Pour le moment l’heure n’était pas à penser à tous les malheurs à venir où ceux qui m’avaient déjà frappé, j’avais déjà bien à faire avec l’instant présent. J’étais blottie contre mon amie albinos qui me réconfortait avec des caresses sur la tête et par sa simple présence, elle avait quelque chose de rassurant et qui me faisait me sentir bien. Je réussis à me calmer au bout de quelques minutes pour retrouver un calme presque normal, les dernières larmes coulant le long de mes joues, lorsque nous fûmes surprises par le sifflement de la bouilloire qui nous fit sursauter toutes les deux.

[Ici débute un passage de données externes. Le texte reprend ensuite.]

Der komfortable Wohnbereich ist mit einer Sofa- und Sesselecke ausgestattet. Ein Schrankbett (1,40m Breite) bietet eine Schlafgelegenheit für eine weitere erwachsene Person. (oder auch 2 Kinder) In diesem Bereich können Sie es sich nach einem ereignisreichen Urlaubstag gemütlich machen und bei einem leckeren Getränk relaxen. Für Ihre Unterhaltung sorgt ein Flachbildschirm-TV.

Arsen se leva, ne lâchant pas ma main, m’emmenant avec elle après m’avoir essuyé les larmes et rassurée avec une voix douce et chaleureuse. Je lui répondis avec un sourire et un hochement de tête, en terminant de m’essuyer les yeux, telle une enfant qui venait d’avoir un gros chagrin. Elle versa l’eau bouillante dans la théière avant de nous amener près du lit où elle m’assit, comme si j’étais une enfant. J’y ressemblais beaucoup en même temps, je ne lui en voulais pas de se comporter ainsi avec moi du coup, je la laissai donc faire et prit sa tasse de thé en la remerciant d’un sourire chaleureux et d’un petit merci timide. Elle ajouta que le thé n’était pas empoisonné et que je pouvais le boire sans crainte, cette remarque me fit avoir un rire léger.

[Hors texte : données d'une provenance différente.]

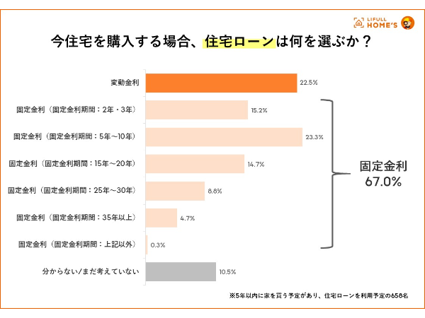 ・今住宅ローンを組むなら:「固定金利」67%、「変動金利」が23%
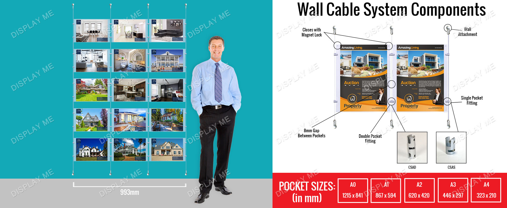 This Wall Acrylic Display cable system is a great way of displaying literature or signs on any wall.

Je bus en silence une gorgée de thé, il était vraiment bon et avait l’effet apaisant promis par ma compagne, je m’approchai d’elle, collant nos corps l’un contre l’autre, ma main toujours dans la sienne. Je baissai cependant la tête, l’air penaud avant de prendre la parole mêlant timidité et tristesse.
« - Je suis désolée de te faire voir tout ça… Je… J’ai l’habitude d’affronter ça seule, mais… Elle m’a montré des images qui dépassent ce que je peux supporter… Elle m’a montré ce qu’elle te ferait si elle prenait le contrôle de mon corps… c’était trop horrible pour moi… »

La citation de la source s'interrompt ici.